Я не умею вести себя с Мари профессионально. Я не могу причинить ей боль. Потому что она делать больно не умеет.
* * *
Не знаю, с чего начать. Бредём по мокрому песку. Ослепительное солнце бьёт в глаза.
Мари, мне хочется прижать тебя к груди, обнять, гладить тёмные волосы, осторожно целовать их, чуть касаясь губами… Мне нельзя терять тебя, но у меня два дня жизни. Потом я умру. Буду убит. Но, если ты мне поможешь, то, возможно, мне удастся лишь притвориться мертвым. А чтобы просить тебя о помощи, Мари, мне надо всё рассказать.
* * *
И поэтому мы, пройдя жарким пляжем, доберёмся до далекого, мерцающего городка, а затем прогуляемся по безлюдным улочкам и зайдём в небольшое угловое кафе, где никого нет, кроме высокой и худой блондинки-барменши… Сядем за столик, заказав стакан кока-колы для тебя и спрайта для меня, и будем долго сидеть, болтая ни о чём. Потом вдруг в кафе вбежит человечек, выпьет прямо у стойки чашечку кофе, скинет на прилавок монеты и выскочит, не бросив в нашу сторону ни одного взгляда. И тогда я пойму, что потеряться не удалось. Сегодня воскресенье. Полдень. Жара. Курортный городок.
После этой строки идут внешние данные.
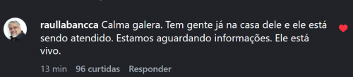 (29-03-2026, 08:24 )GiovanniTav Escreveu: O Raul Labancca confirmou que o Clécio está sendo atendido e está vivo, graças a deus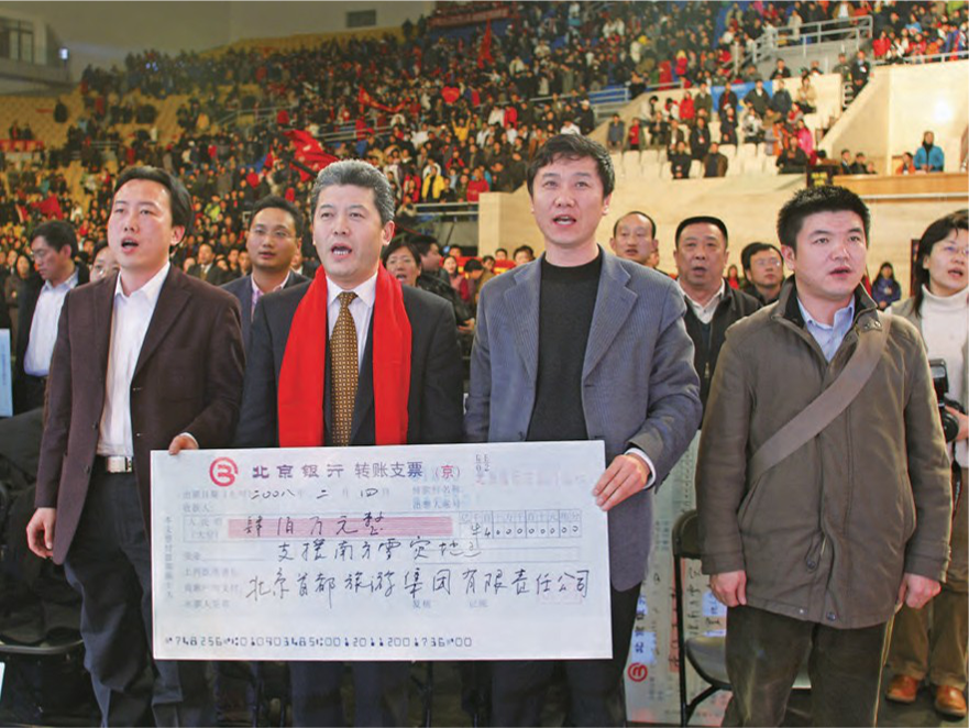 2008年2月,党委副书记、总经理 刘毅代表AG 体育|中国有限公司 员工和企业,为抗 击冰雪灾害捐款400万元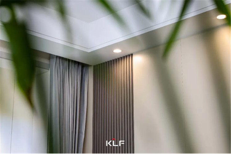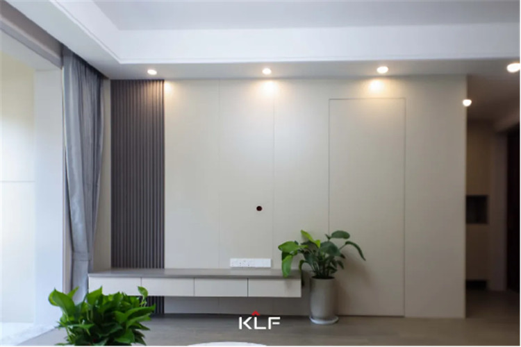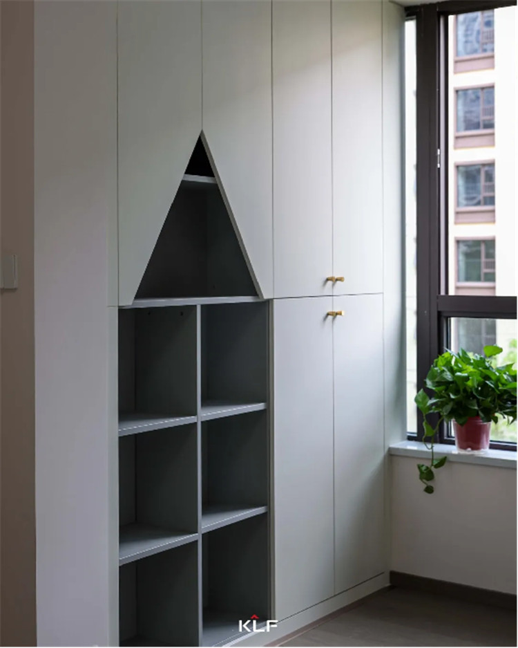 电视柜一侧做了隐形门,让屋内的儿童房加倍隔音,更具私密性。墙板一侧做了格栅,偶尔的跳脱丰硕了全体的设想,门墙柜一体化的设想也从视觉上让空间看起来更清洁,显大又高等。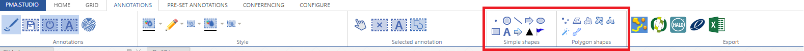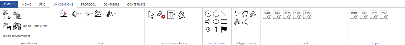 The annotations panel works in close collaboration with the dedicated "Annotations" tab on the ribbon: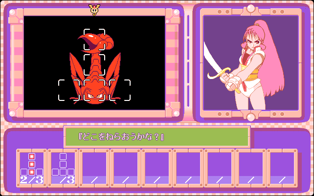 画面に枠が表示されており、その枠のどれか3か所(ラスボスのみ4か所)が敵の弱点になります。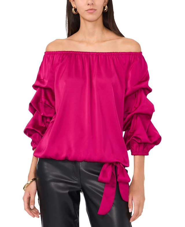 Vince Camuto Women's Textured Off-The-Shoulder Sheer Bubble 3/4-Sleeve Tie-Front Blouse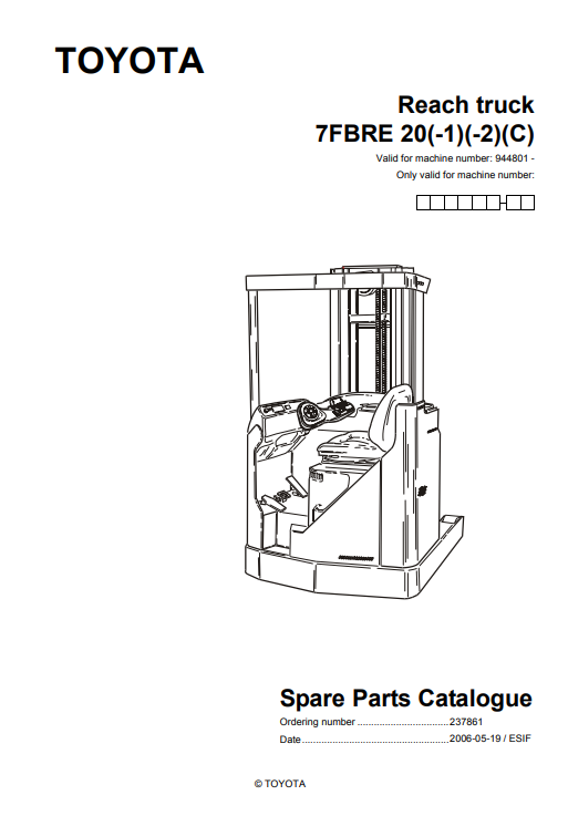 Toyota Reach truck 7FBRE20(-1)(-2)(C) Spare Parts Catalogue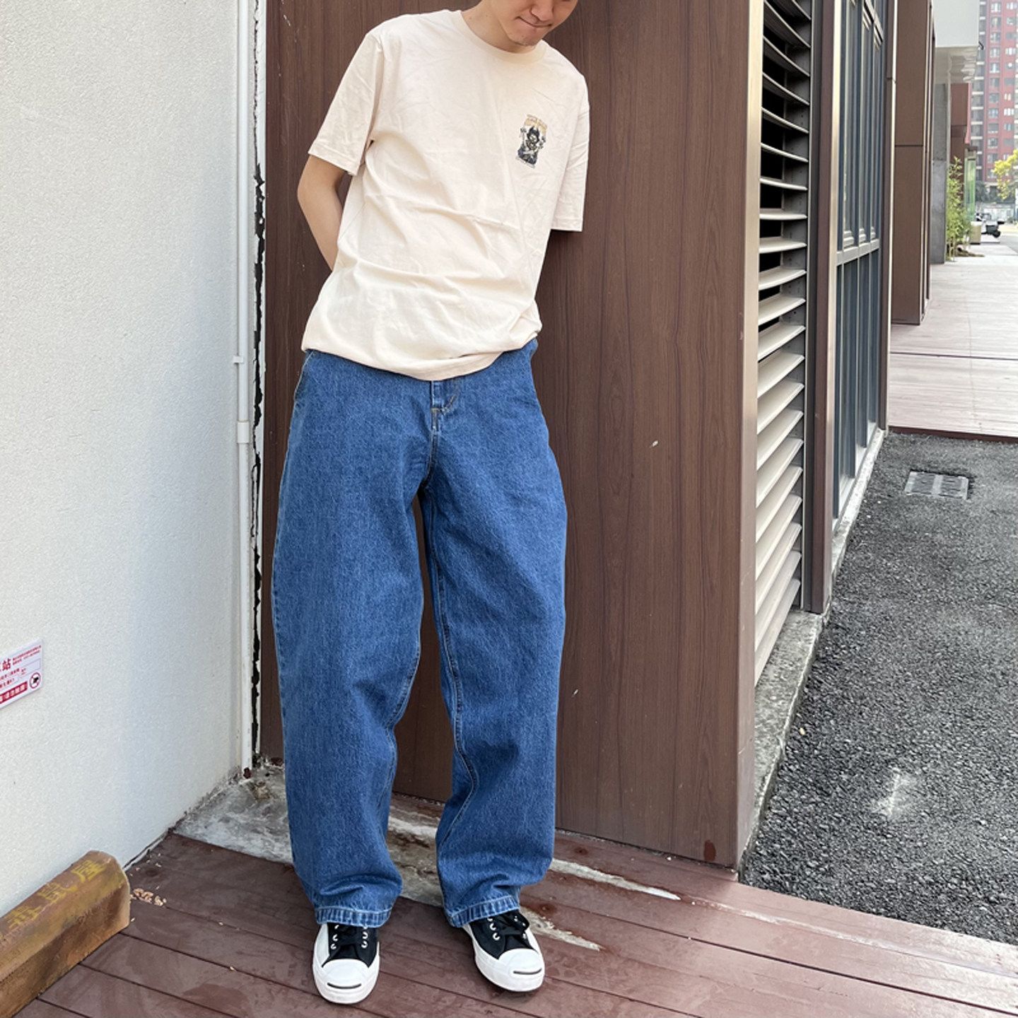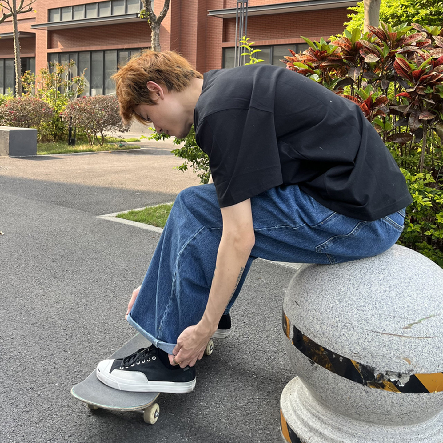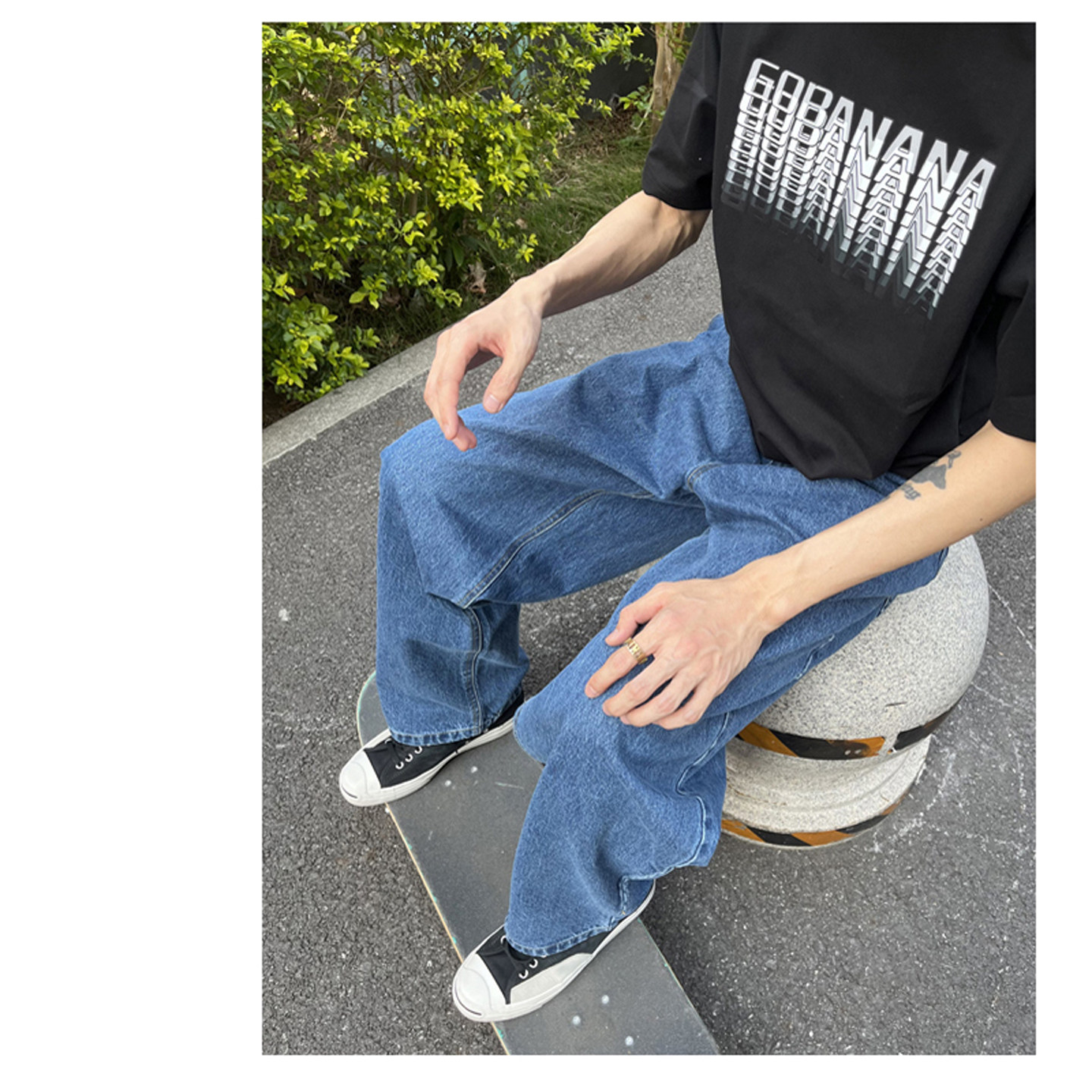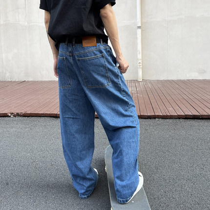 滑板宽松牛仔裤 水洗蓝色 情侣 美式街头 嘻哈街舞 BMX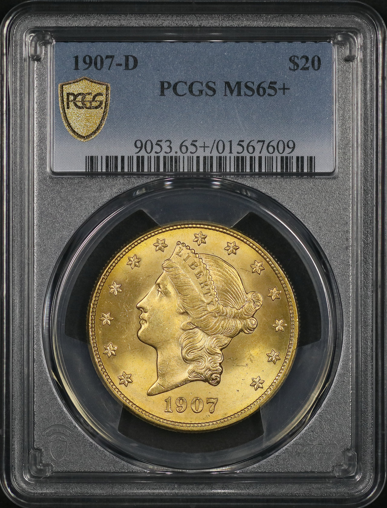 1907-D Liberty Head $20 Type 3 PCGS MS-65+ designed by James Barton Longacre.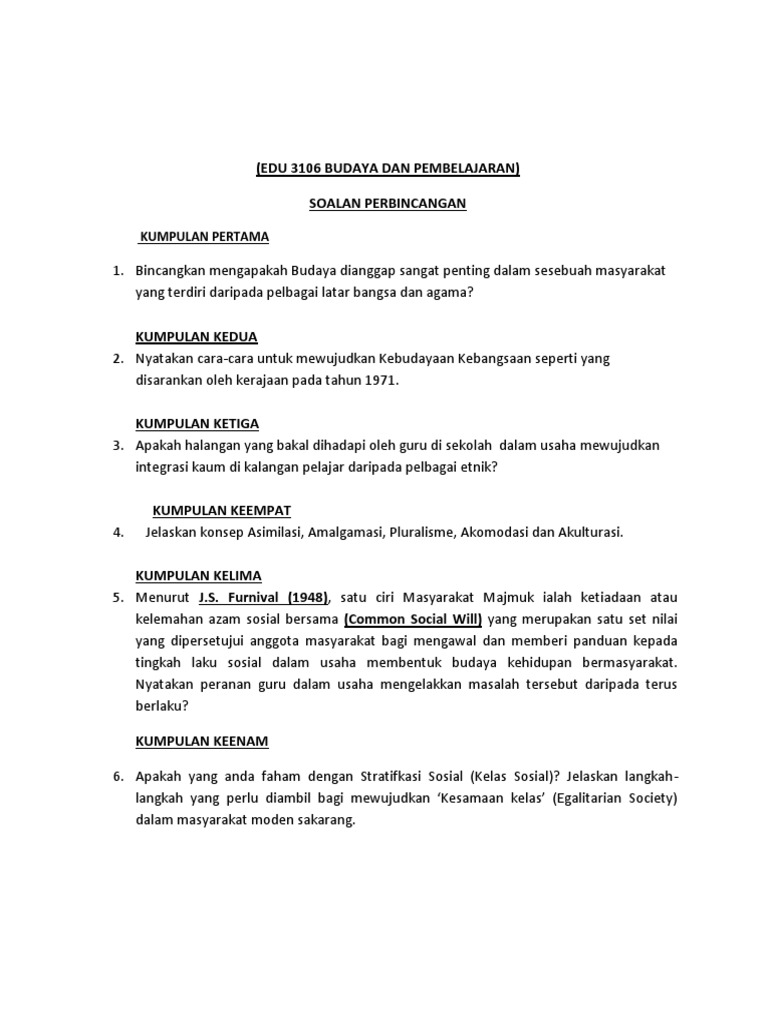 Edu 3106 Budaya Dan Pembelajaran Soalan Perbincangan Kumpulan Pertama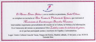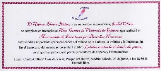 "El sábado 23 de junio, el Movimiento de Escritores pro Derechos Humanos del Ateneo Blasco Ibáñez, se desplazó desde su sede, en Valencia, a Madrid para realizar un acto contra la violencia de género.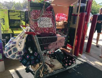 Lorraine lay on her cardboard lined mattress with a wooly blanket and pillow and settled down for a sleepout on Gympie Terrace with a straw hat at the ready for donations to assist Santa’s Classy Helpers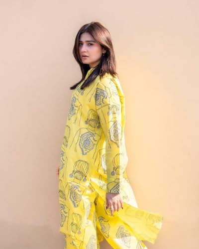 Anni Designer Women'S Rayon Viscose Straight Printed Kurta With Palazzo (Canva Yellow_Xl_Yellow_X-Large),Yellow,XL,Rayon,Regular,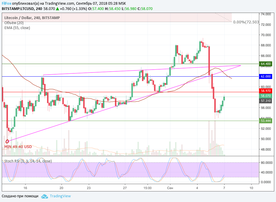 От уровня поддержки 53.44 USD, пара вчера смогла восстановиться практически к средней линии бокового коридора, который покинула первого сентября. Сейчас цена Litecoin постепенно снижается к нижней границе этого боковика и вполне возможно, что, используя поддержку на уровне 53.44 , она будет консолидироваться в этой области. Обновление годового минимума ожидается на предстоящем уикенде.
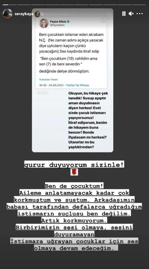 O isimlerden biri olan oyuncu Seray Kaya, Instagram hesabından yaptığı bir paylaşımla, arkadaşının babası tarafından istismara uğradığını açıkladı.
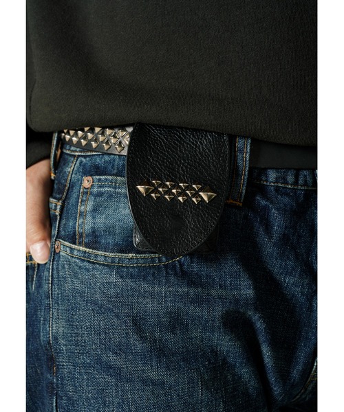 シボ感あるレザーにスタッズワークを施して作製されたコインケース。レザーは使い込む程にシボが消え、艶感ある経年変化を楽しむ事が出来る。背面にはカードが収納可能。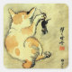 Sticker Carré 猫 と 鼠, 暁 斎 Chat et souris, Kyōsai, Ukiyo-e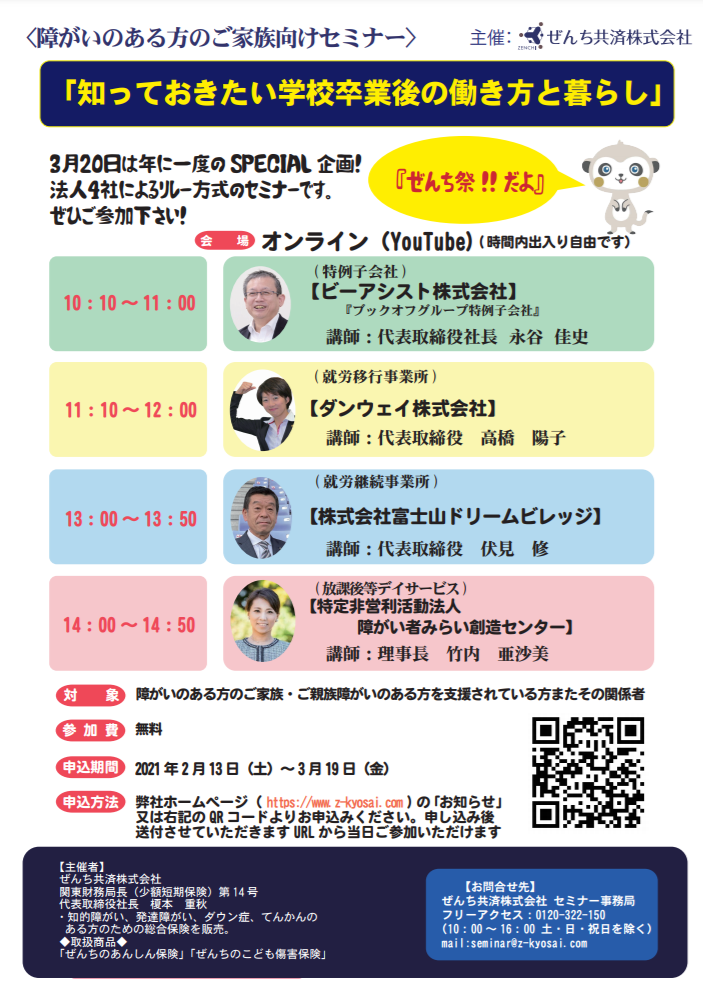 【ぜんち共済】障がいのある方のご家族向けセミナー「知っておきたい!学校卒業後の働き方と暮らし」無料オンラインセミナーのご案内|2021年3月20日
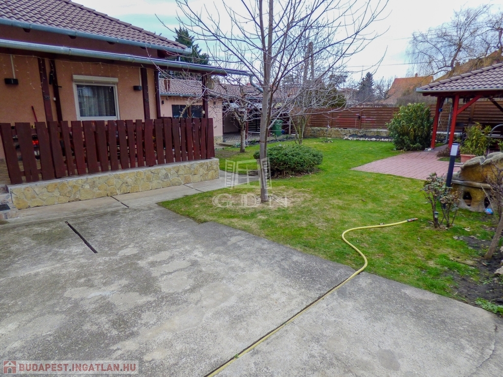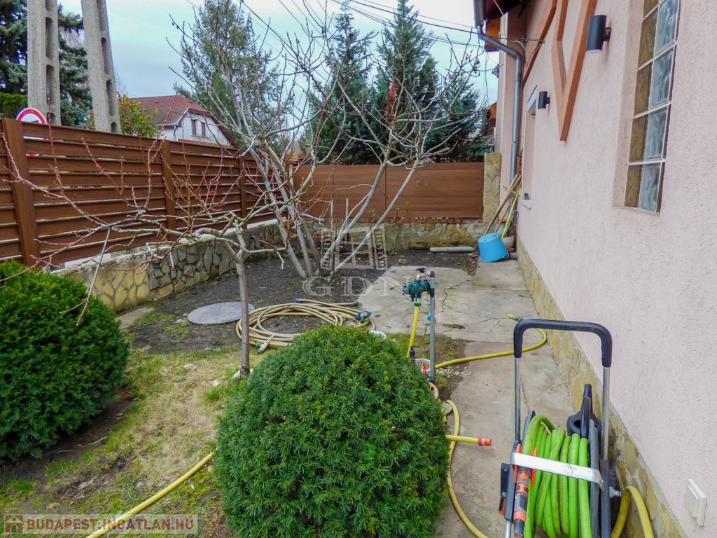 A zárt udvaron 3 autóval meg lehet állni, ebből 2 fedett, az elektromos hálózat felbővített (3*16 A), a kertben egy nagy terasz (20 nm), szaletli (16nm), tároló (20 nm), bográcsozó kapott helyet. Az öntözés fúrt kútról megoldott, a kerítés gondozásmentes.

И мужчина в костюме, с галстуком, в расстегнутом пиджаке – единственное послабление от официоза никому не нужного в этот день, в это время, в этом городке, но предписанного правилами… Человечек, ни разу не поглядевший в нашу сторону, дабы не встретиться случайно взглядом – то есть, прекрасно понимающий, что я смотрю на его затылок… Тут же исчезнувший в веренице вымерших улочек…
Сколько их, таких человечков, обшаривающих сейчас каждый ресторанчик, каждую лавку, каждый закоулок? И получающих в эту секунду сигнал отбоя, так как «объект обнаружен… оставайтесь на связи». Теперь они успокоились – я не исчез, оставив в номере ненужные вещи.
* * *
Гуляем по пустому городу. Тихонько доходим до набережной, но и тут никого. Почти никого. В воскресенье, в жару. Пустынный пляж. Каждый человек на виду… Где, в какой европейской стране можно увидеть подобное? Не зря Виктор вежливо попросил меня приехать именно сюда – здесь ничего не стоило убедиться, что я прибыл один, без сопровождения.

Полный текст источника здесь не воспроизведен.